→ Recorded information:
+ + +

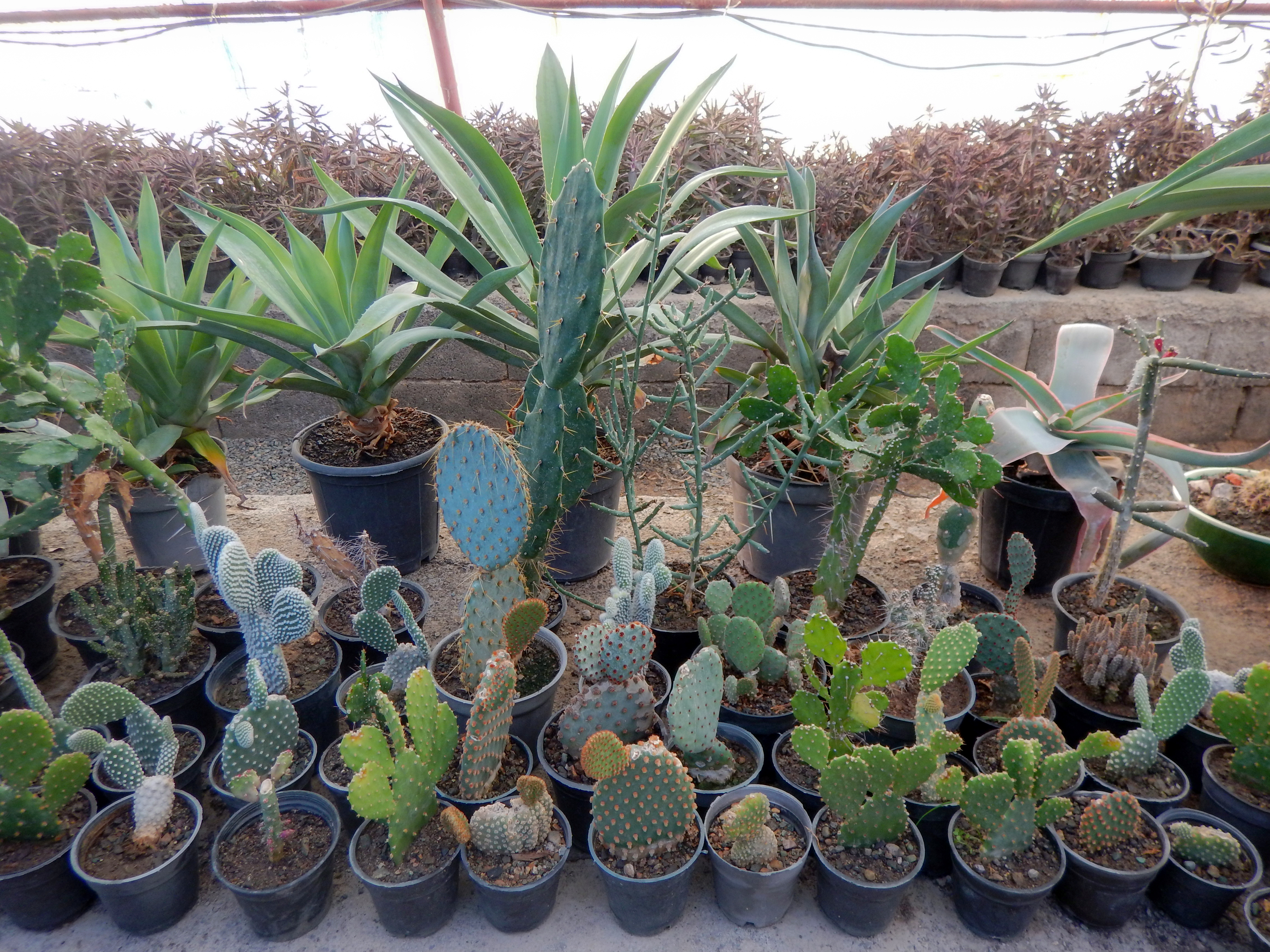 A cactus (plural: cacti, cactuses, or cactus) is a member of the plant family Cactaceae,[Note 1] a family comprising about 127 genera with some 1750 known species of the order Caryophyllales. The word "cactus" derives, through Latin, from the Ancient Greek κάκτος, kaktos, a name originally used by Theophrastus for a spiny plant whose identity is not certain. Bân-lâm-gú: Sian-jîn-chióng (-chiúⁿ/-chháu, sian-pa-chiúⁿ/-chióng , hoé-hāng-chhì ) sī ha̍k-miâ hō Cactaceae ê to-bah si̍t-bu̍t (succulent plant), sù-siông chèng lâi khoàⁿ súi, m̄-koh ia̍h ū lâi chia̍h--ê. Sian-jîn-chióng sī te̍k-sû, kî-khá ê si̍t-bu̍t, te̍k-pia̍t sek-èng hui-siông ta-sò, sio-lo̍h ê khoân-kéng.
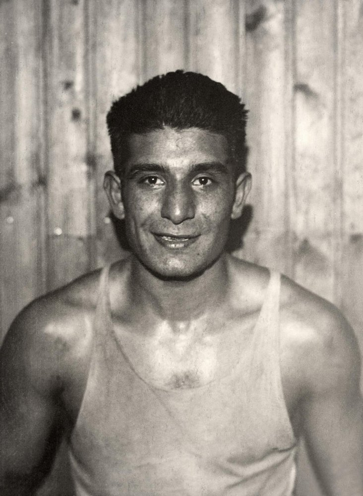 Victor Avendano from Argentina, winner of Olympic Games 1928, boxing light heavy weight
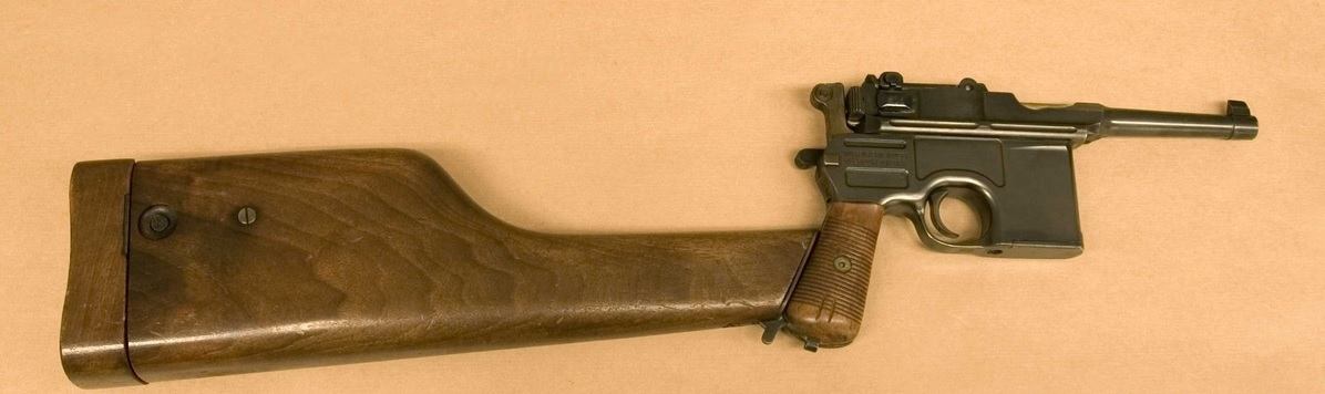 The Mauser C/96 pistol from the Swedish Army Museum collections. The pistol is shown here with a buttstock attached. The buttstock also functioned as a case for the pistol. Donated to the museum by arms collector Gösta Benckert.

+ + +

→ Your instructions: The expected answer is the listing above, duplicated exactly, with its pictures removed.

→ Solved problem:
 A cactus (plural: cacti, cactuses, or cactus) is a member of the plant family Cactaceae,[Note 1] a family comprising about 127 genera with some 1750 known species of the order Caryophyllales. The word "cactus" derives, through Latin, from the Ancient Greek κάκτος, kaktos, a name originally used by Theophrastus for a spiny plant whose identity is not certain. Bân-lâm-gú: Sian-jîn-chióng (-chiúⁿ/-chháu, sian-pa-chiúⁿ/-chióng , hoé-hāng-chhì ) sī ha̍k-miâ hō Cactaceae ê to-bah si̍t-bu̍t (succulent plant), sù-siông chèng lâi khoàⁿ súi, m̄-koh ia̍h ū lâi chia̍h--ê. Sian-jîn-chióng sī te̍k-sû, kî-khá ê si̍t-bu̍t, te̍k-pia̍t sek-èng hui-siông ta-sò, sio-lo̍h ê khoân-kéng.
 Victor Avendano from Argentina, winner of Olympic Games 1928, boxing light heavy weight
 The Mauser C/96 pistol from the Swedish Army Museum collections. The pistol is shown here with a buttstock attached. The buttstock also functioned as a case for the pistol. Donated to the museum by arms collector Gösta Benckert.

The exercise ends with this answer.